Genesis GV70 Long-Term Review Update: Fuelling The Festivities
27 is a figure that has been rolling around my head for the last few weeks. No, I can’t stand Machine Gun Kelly’s music, nor am I thinking about the 27 Club. It’s not me counting the number of bones in my hand either or wondering about the percentage of the universe that dark matter makes up.
Rather, it’s the MPG figure ‘my’ Genesis GV70 is coming slightly shy of. A few months ago, we took delivery of the SUV as we pondered why anyone would consider buying one over the German establishment.
After almost 2,500 miles split between myself and my colleague Mike Bartholomew, we’re both largely in agreement that it’s a very pleasant car, but that fuel economy is somewhat bothering us.
The easy solution to this is, of course, to get an electric one. That doesn’t really help when you don’t have access to home charging though, as I suspect many of us don’t. You could also go for the diesel, but that’s not very in vogue in 2024/soon 2025. For petrol choices, the 2.5-litre turbo four-pot is your only option – the poor economy will have to do.
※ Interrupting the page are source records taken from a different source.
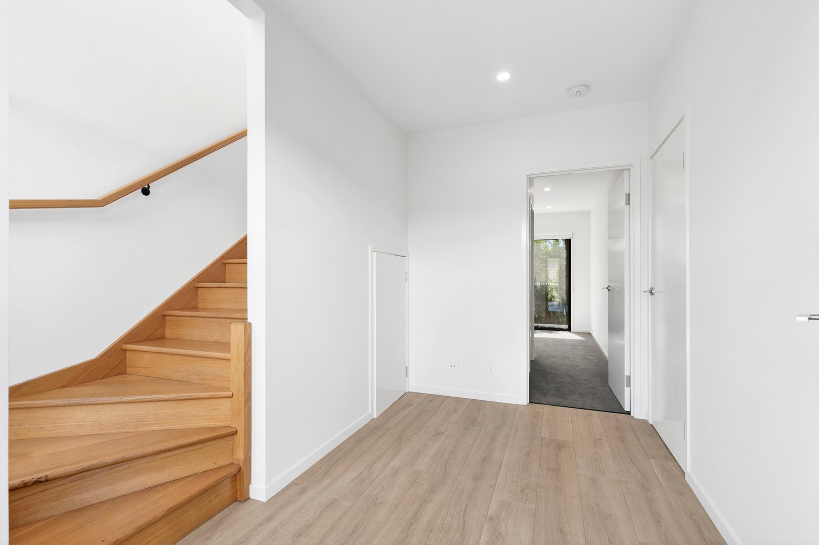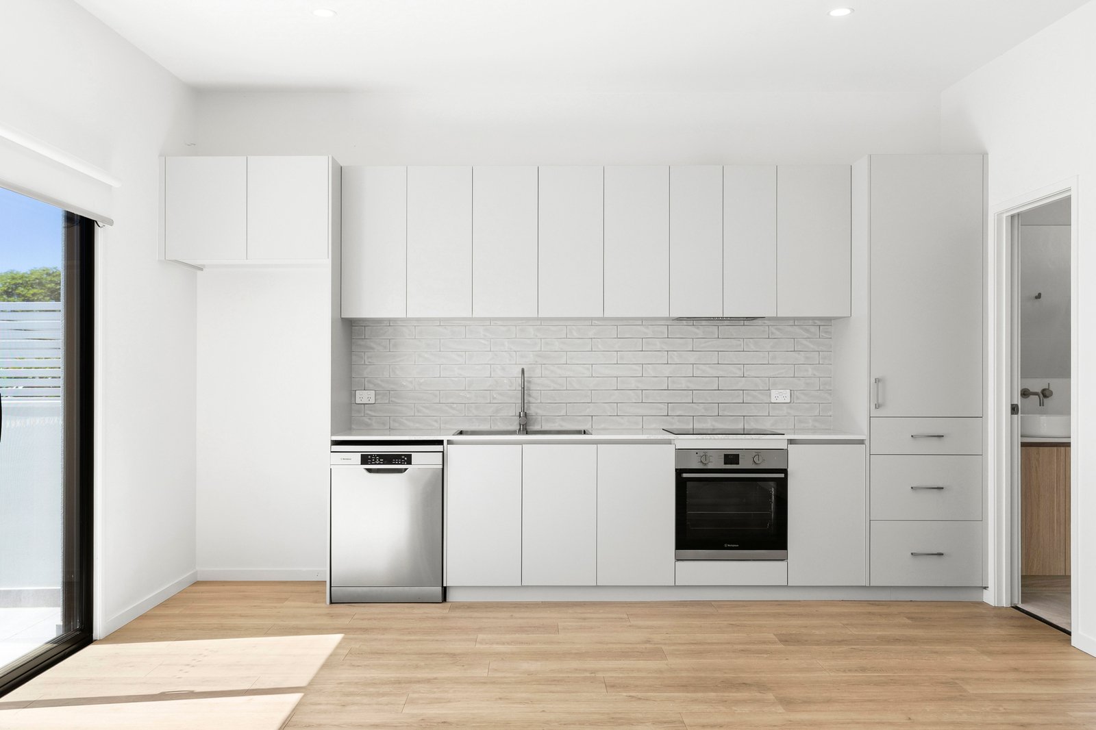 Positioned in a private setting, the contemporary façade sets the sleek theme of the home. Inside, crisp white interiors, and neutral accents combine to create a light and welcoming ambience throughout. A wide entry hall leads you to a stunning timber staircase, which ascends to a light-filled open plan living area. The elegant kitchen features sleek modern cabinetry, stone benchtops, quality Westinghouse appliances including 600mm oven, dishwasher, and excellent storage provisions. Glass sliders open up to a private balcony, offering a secluded space to relax or entertain outdoors.
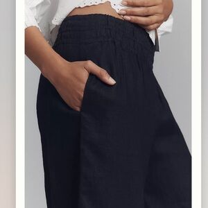 Anthropologie Somerset 100 Linen Pull On Pant Black Sz Large Wide Leg
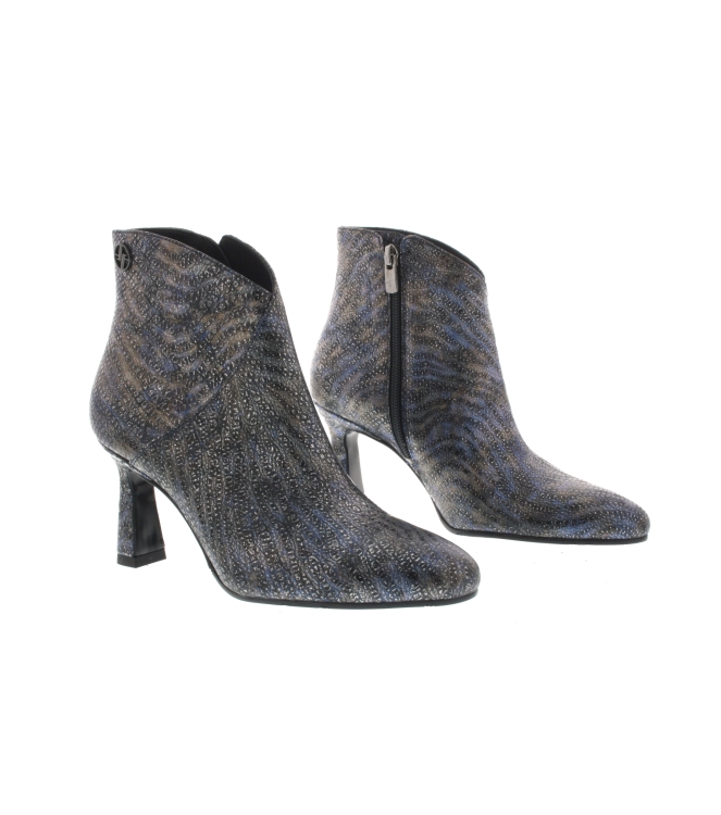 Foris van Bommel enkellaars voor dames, artikel Saxi 02.10 in het multi kleuren leer. Fraai detail is de soort van zebra print door het leer heen. De binennzijde is volledig leder. De Hakhoogte bedraagt 7 cm. De pasvorm valt normaal
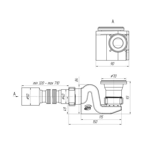 Сифон АНИ Е615 Бриг для душевого поддона плоский 1 1/2"*40 с гибкой трубой 40/50
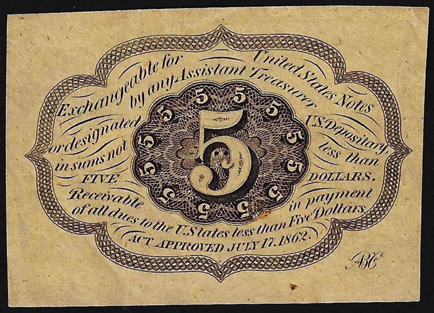 July 17, 1862 Five Cents First Issue Fractional Currency Note
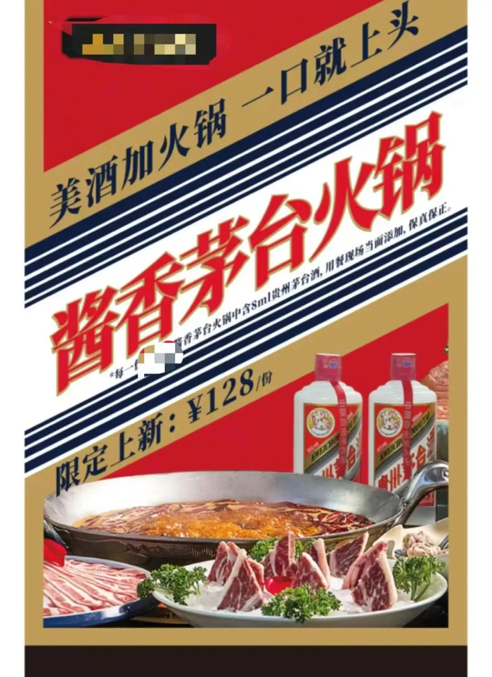 据悉,该店于9月4日下午在微信公众号发表了标题为《酱香茅台火锅,重磅上新,邀您品鉴!》的推文。在该条推文内置的宣传海报上,写有“美酒加火锅,一口就上头”的宣传标语,整体海报样式也与茅台经典款瓶装别无一二。
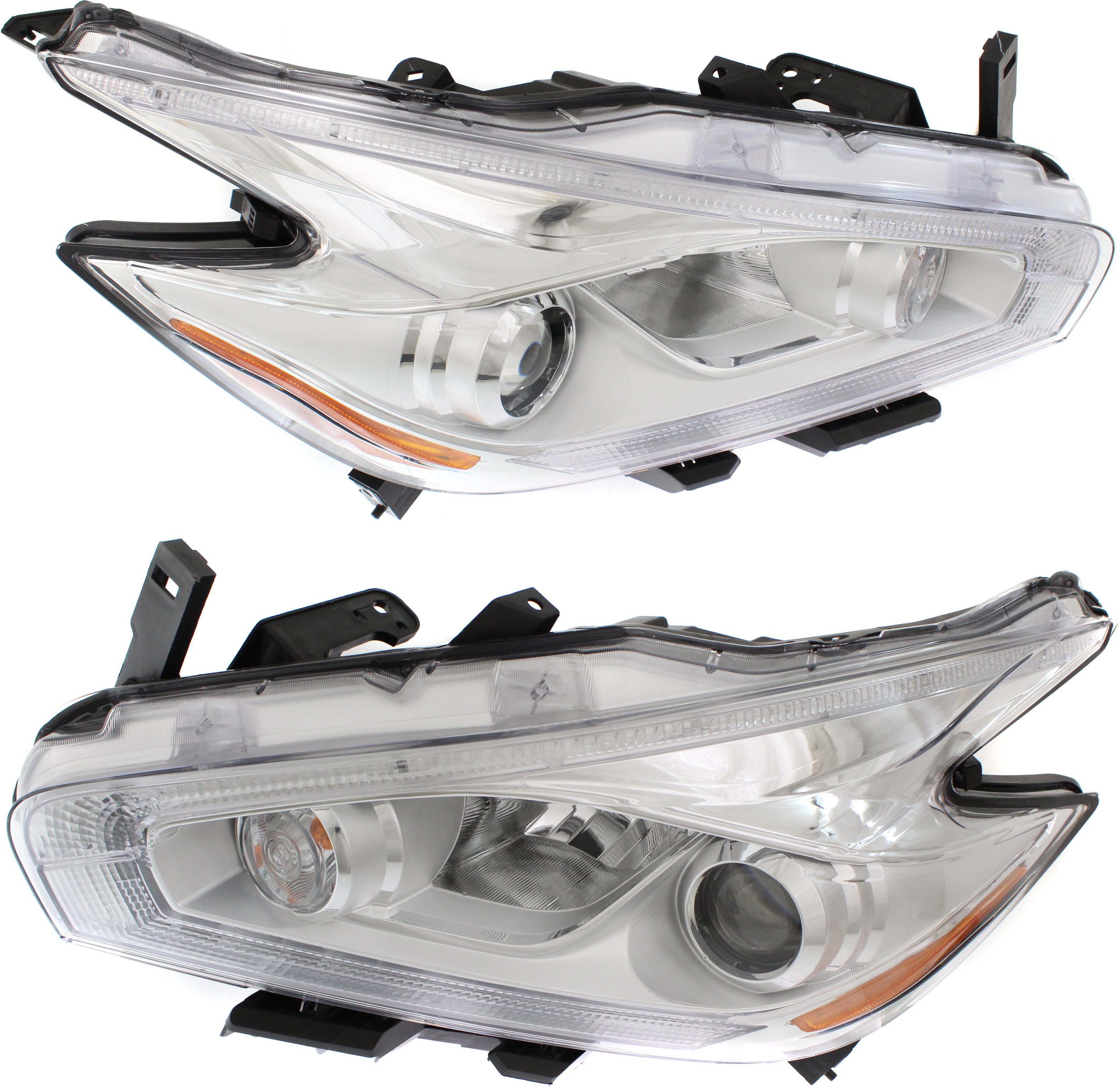 Headlight Assembly Pair/Set for Nissan Murano 2003-2007, Right (Passenger) and Left (Driver), Halogen, with Chrome Interior, Replacement

At least that’s likely to change going forward. I’d spent some time with Genesis at the Goodwood Festival of Speed earlier this year with a few of its execs, who acknowledged many of its customers are clamouring for a hybrid stop-gap before going fully electric. The GV70 would seem a ripe application for such a thing, and that’s a car I’d genuinely be looking forward to.
So far, there’s been nothing else to really make me question why you wouldn’t try the GV70. I’ve been in better-known cars that have begun to creak and rattle by this point into a long-term loan, something the SUV hasn’t had a threat of doing. Oh, and having driven so many cars lately with overly-intrusive ADAS systems it’s been a delight that the Genesis seems pretty well dialled in as far as they go.
I’ve also finally had a chance to try out its practicality properly, something as a single not-quite-30-year-old man I don’t often get to do. As promised in my first report, I can now confirm it’ll hold a one-bedroom-flat appropriate five-foot Christmas tree as well as a 29x11” present without having to fold the seats. Now, how’s that for consumer journalism?
The next task for the GV70 will be Christmas itself as it serves as my sleigh to head north. Expect my next report to be full of quotes from family members asking A) if it’s a Bentley and B) why it’s making waterfall noises from the speakers.